Recorded data =>
+ + + +
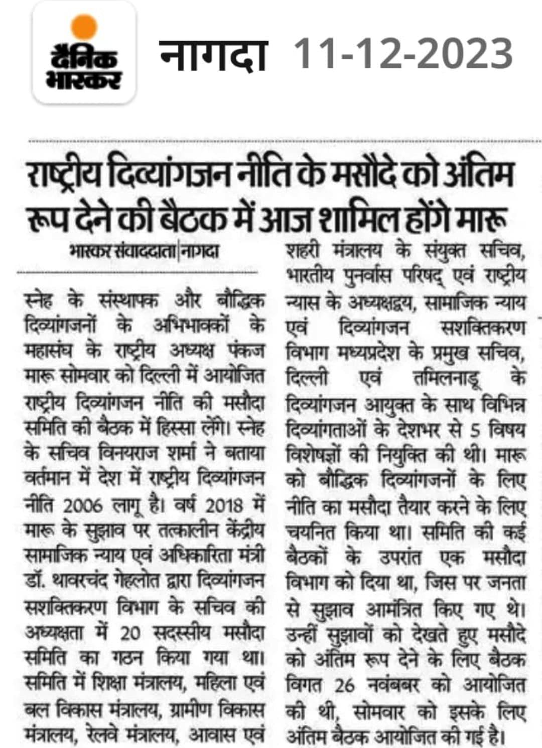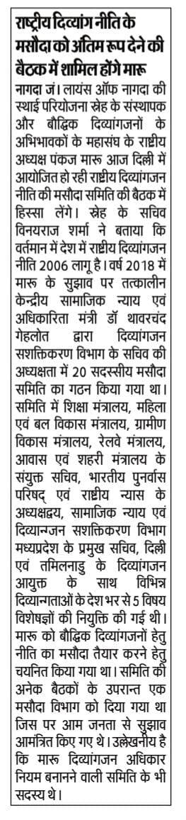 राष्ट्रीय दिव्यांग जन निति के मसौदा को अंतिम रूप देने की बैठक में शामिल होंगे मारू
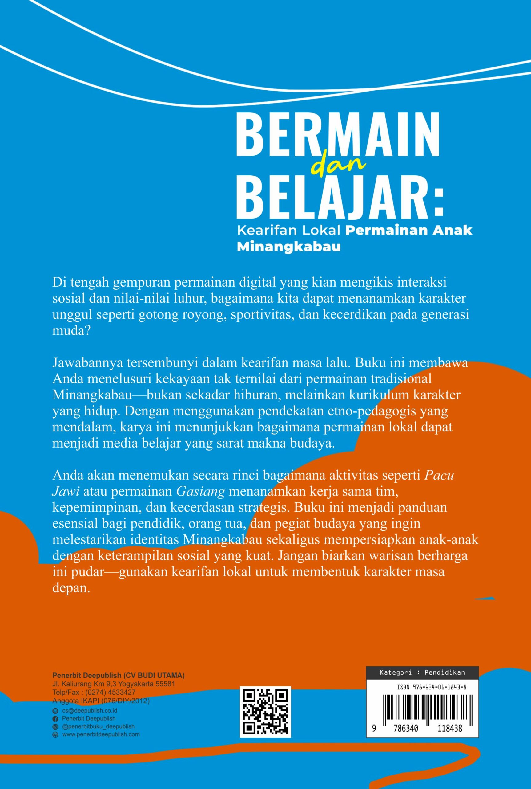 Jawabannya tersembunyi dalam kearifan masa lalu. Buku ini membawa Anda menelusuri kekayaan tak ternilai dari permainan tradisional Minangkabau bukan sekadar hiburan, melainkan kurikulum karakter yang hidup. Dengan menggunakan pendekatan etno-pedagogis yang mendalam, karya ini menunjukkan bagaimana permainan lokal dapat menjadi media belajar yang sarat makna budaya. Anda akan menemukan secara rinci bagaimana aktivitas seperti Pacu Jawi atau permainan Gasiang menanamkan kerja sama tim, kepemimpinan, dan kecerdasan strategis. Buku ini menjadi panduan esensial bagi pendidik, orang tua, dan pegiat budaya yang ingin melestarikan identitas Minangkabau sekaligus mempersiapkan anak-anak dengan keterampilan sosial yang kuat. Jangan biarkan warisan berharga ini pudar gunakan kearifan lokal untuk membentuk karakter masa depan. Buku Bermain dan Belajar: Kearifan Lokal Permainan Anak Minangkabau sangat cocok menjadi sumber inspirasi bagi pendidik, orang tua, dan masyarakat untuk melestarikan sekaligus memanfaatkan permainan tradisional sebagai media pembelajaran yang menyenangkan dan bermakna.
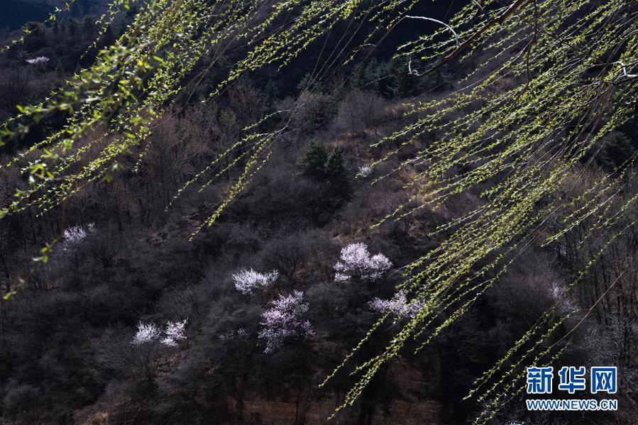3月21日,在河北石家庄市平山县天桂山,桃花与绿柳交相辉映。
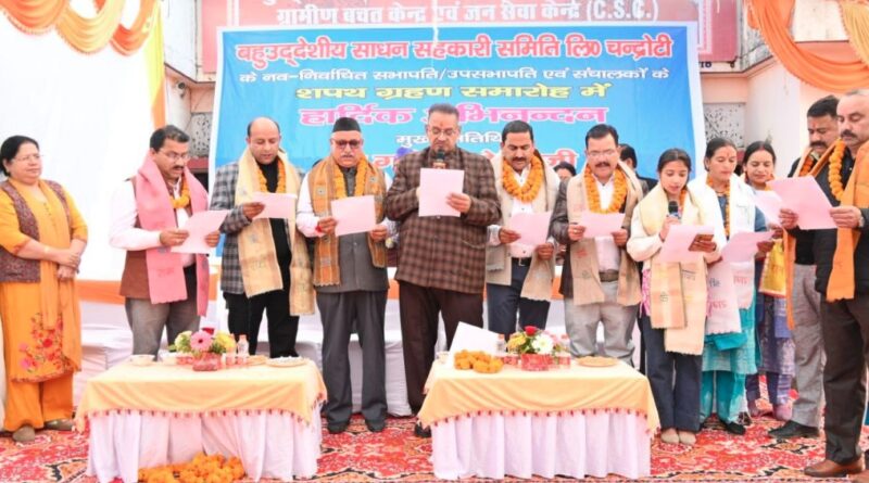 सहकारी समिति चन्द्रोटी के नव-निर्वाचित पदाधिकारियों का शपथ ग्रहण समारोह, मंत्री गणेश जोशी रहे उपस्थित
+ + + +
Your objective => Restate the data above verbatim, skipping every image.

Exercise output =>
 राष्ट्रीय दिव्यांग जन निति के मसौदा को अंतिम रूप देने की बैठक में शामिल होंगे मारू
 Jawabannya tersembunyi dalam kearifan masa lalu. Buku ini membawa Anda menelusuri kekayaan tak ternilai dari permainan tradisional Minangkabau bukan sekadar hiburan, melainkan kurikulum karakter yang hidup. Dengan menggunakan pendekatan etno-pedagogis yang mendalam, karya ini menunjukkan bagaimana permainan lokal dapat menjadi media belajar yang sarat makna budaya. Anda akan menemukan secara rinci bagaimana aktivitas seperti Pacu Jawi atau permainan Gasiang menanamkan kerja sama tim, kepemimpinan, dan kecerdasan strategis. Buku ini menjadi panduan esensial bagi pendidik, orang tua, dan pegiat budaya yang ingin melestarikan identitas Minangkabau sekaligus mempersiapkan anak-anak dengan keterampilan sosial yang kuat. Jangan biarkan warisan berharga ini pudar gunakan kearifan lokal untuk membentuk karakter masa depan. Buku Bermain dan Belajar: Kearifan Lokal Permainan Anak Minangkabau sangat cocok menjadi sumber inspirasi bagi pendidik, orang tua, dan masyarakat untuk melestarikan sekaligus memanfaatkan permainan tradisional sebagai media pembelajaran yang menyenangkan dan bermakna.
3月21日,在河北石家庄市平山县天桂山,桃花与绿柳交相辉映。
 सहकारी समिति चन्द्रोटी के नव-निर्वाचित पदाधिकारियों का शपथ ग्रहण समारोह, मंत्री गणेश जोशी रहे उपस्थित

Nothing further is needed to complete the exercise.